Bilkent University
Department of Computer Engineering


Fully Convolutional Networks with Spectral Pooling Methods


Onur Aydın
MS Student
Computer Engineering Department
Bilkent University

Due to recent advances in deep learning, learning machineries in computer vision research and the mainstream approaches have changed dramatically from hard-coded features combined with classifiers to end-to-end trained convolutional neural networks (CNN) and fully convolutional networks (FCN), which give the state-of-the-art results in image classification and semantic segmentation respectively. Max pooling layer in convolutional neural networks is used to spatially summarize information contained within an image.

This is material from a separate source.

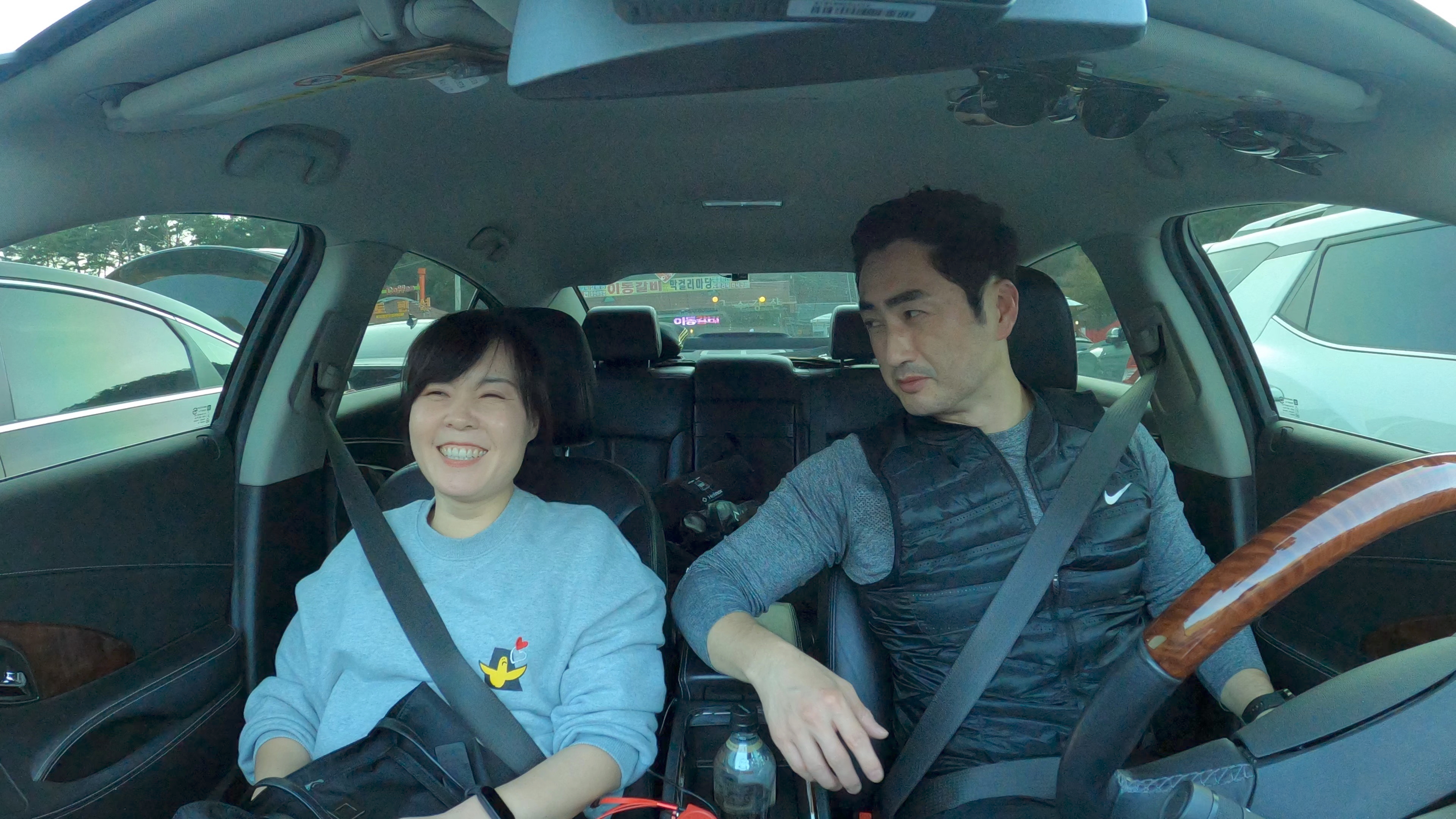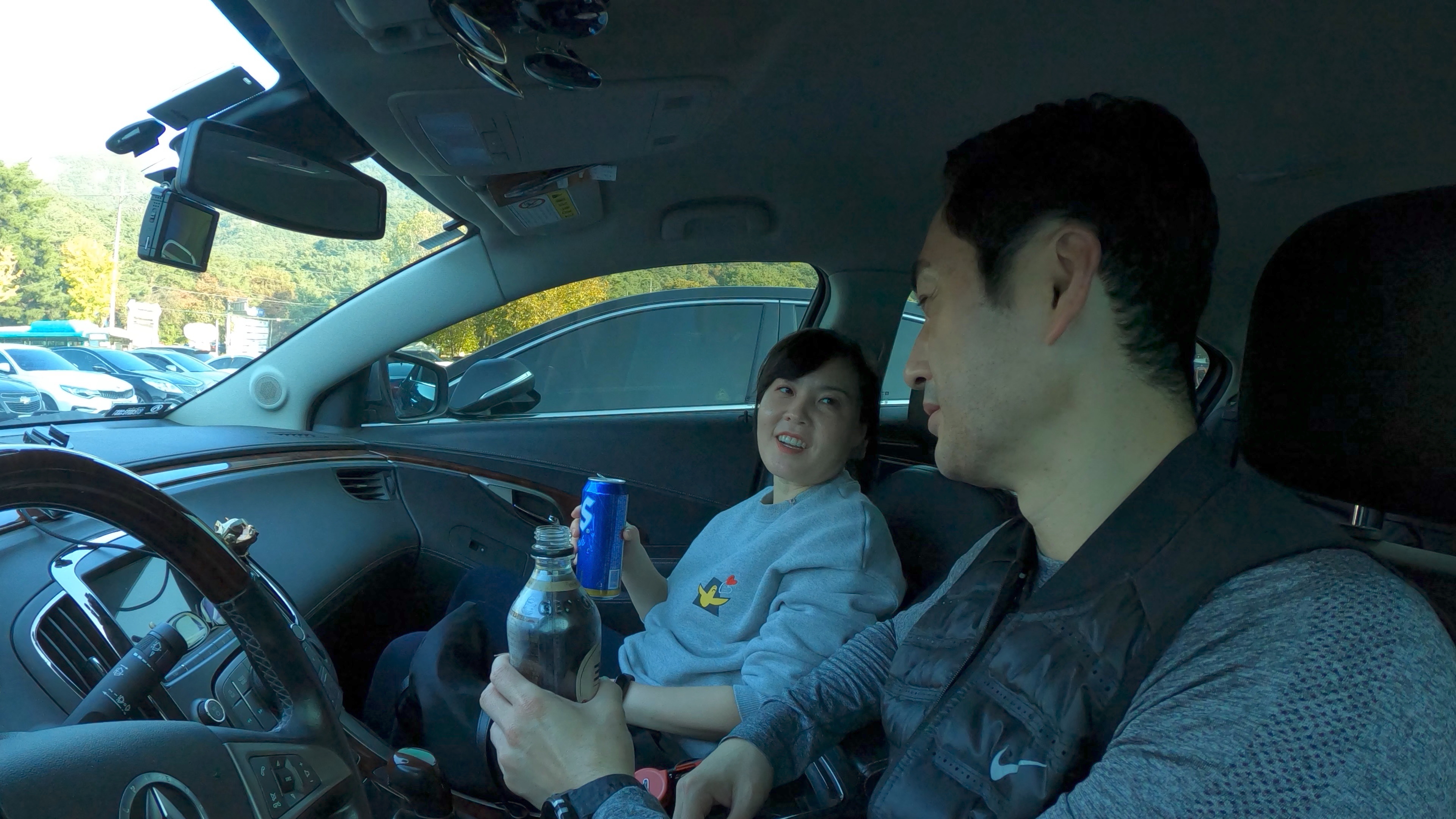 산에서 음주를 자제하라는 표지판에, 맥주를 마시지 않고 꾹 참았던 와이프. 결국 차에서 미리 준비했던 맥주를 들이킨다.

Although it is used widely, max pooling operation is inadequate to keep enough spatial information and has restrictions in the choice of output dimension size. We propose to use an alternative pooling approach for fully convolutional networks. Spectral pooling performs downsampling operation in the frequency domain using discrete Fourier transform and further improve it using discrete cosine transform which brings simplicity, more energy compaction, and a good approximation to Karhunen–Loève transform. Spectral pooling methods preserve considerably more spatial information than max pooling and provide flexibility in output dimensions. It is expected that using the spectral pooling method in fully convolutional networks enables more accurate and detailed segmentation results, even without using skip connections that combines semantic information from a deep, coarse layer with appearance information from a shallow, fine layer. Furthermore, due to flexibility in output dimensions, spectral pooling provides to construct deeper fully convolutional network architectures which leads to learning more levels of abstraction from images and obtaining more accurate segmentation results. Additionally, with a similar approach, we are planning to investigate a deconvolution network using spectral unpooling in order to move from a low resolution representation back to a high resolution one. As a future task, we are intending to parametrize convolutional networks completely in frequency domain using discrete cosine transform and to improve the spectral pooling method with discrete wavelet transform.


DATE: 24 October, 2016, Monday @ 17:00